Monday, Oct 31, 2016

Washington, DC: Michel Aoun was born in 1935 to a Maronite Catholic Christian family from Jezzine (South Lebanon) in Harat Hreik, now a mixed Christian-Shiite suburb of south Beirut. A graduate of the College Des Freres Furn Al Chibak in 1955, Aoun enrolled in the Military Academy as a cadet officer that same year, and graduated three years later as an artillery officer in the Lebanese Armed Forces (LAF).

Like most of his counterparts, Aoun embarked on a military career by accepting various training stints abroad, starting with a 1966 appointment at the US Army Training Centre at Fort Still in Oklahoma, a 1978 course at the Ecole Superieure de Guerre in France. He returned to Lebanon in 1980, and was appointed head of the Defence Brigade stationed along the infamous “Green Line” that separates West and East Beirut at the height of the civil war, a conflict that consumed him.

In 1982, Aoun was promoted to brigadier general and received command over the new 8th Brigade, a multi-confessional army unit, which was ostensibly empowered to protect the Palestinian refugee camp of Burj Al Barajneh, though various atrocities were committed under his watchful eye, including the sinister Sabra and Shatila massacres.

His struggle against the Syrian army, which occupied Lebanon from 1976, started in 1983 when Aoun’s 8th Brigade fended off an attack by Syrian aligned militias in Suq Al Garb, which earned him a promotion in 1984 to Lieutenant-General (three-star General), and military chief-of-staff.

On September 22, 1988, outgoing President Ameen Gemayel appointed him head of a military government, which set-up the violent clashes that followed, culminating with military confrontations with the Lebanese Forces in February 1989, and the Syrian army that destroyed the presidential palace at Baabda over his head.

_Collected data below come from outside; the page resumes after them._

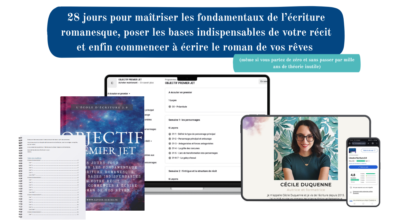 28 jours pour maîtriser les fondamentaux de l’écriture romanesque, poser les bases indispensables de votre récit et enfin commencer à écrire le roman de vos rêves
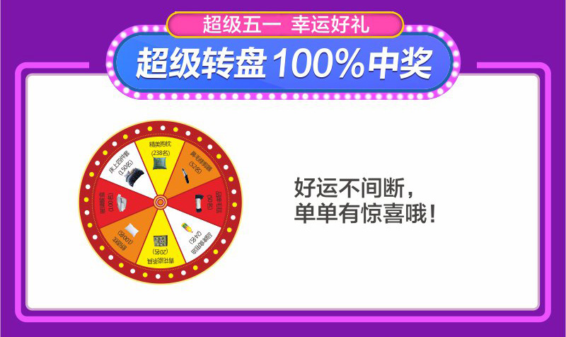 2、超級大轉(zhuǎn)盤,100%中獎:活動期間,顧客憑活動期間的訂單(單筆實(shí)付3000以上)即可參與超級大轉(zhuǎn)盤活動,送完即止!
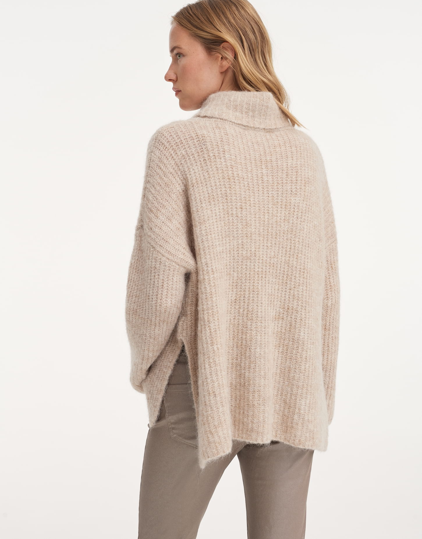 Wollmix mit Alpaka, oversize Shape, überschnittene Schulter, halsferner Rollkragen, weicher Griff, lange Seitenschlitze, das Model ist 176 cm groß und trägt Größe S

Aoun declared a “War of Liberation” against Syria, which he lost, in October 1990, escaped to the French Embassy where he surrendered to the Syrians via a radio address. While he arranged asylum for himself in Paris, several hundred of his men perished, some hastily buried in unmarked mass graves.

Aoun returned to Lebanon on May 7, 2005, eleven days after the withdrawal of Syrian troops from the country, which was imposed by the international community after the February 2005 assassination of Prime Minister Rafik Hariri.

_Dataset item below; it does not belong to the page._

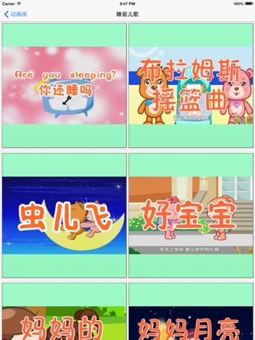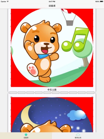 儿歌宝宝包含【中文儿歌】【睡前儿歌】【儿童识物】【儿童唐诗】【儿童折纸】五大分类。,精选的内容,寓教于乐。 并配以充满童趣、可爱诙谐的原创小动漫。语言和动画的结合, 不仅能使宝贝的语言能力有很大提高, 更能使他们的小头脑思维活跃、充满想象,适合各年龄段儿童使用。

In 2006, and in his capacity as the leader of the Free Patriotic Movement, Aoun signed a memorandum of understanding with Hezbollah, an alliance that endured and formed the cornerstone of the March 8 coalition. Despite the bloody history with the Syrian regime, Aoun visited Syria twice since then and seems to have turned the page with his former foes.

He was elected Member of Parliament in 2005 and 2009, and though he did not vote to renew the legislative body’s terms, which he deemed unconstitutional, he determined that parliament was legitimate after a deal was reached to select him as head-of-state.

Michel Aoun is married to Nadia Al Shami, who gave him three daughters, Mireille (married to businessman Robert Hashem), Claudine (married to retired Brigadier general Shamel Roukoz), and Chantal (married to Minister of Foreign Affairs Jibran Bassil).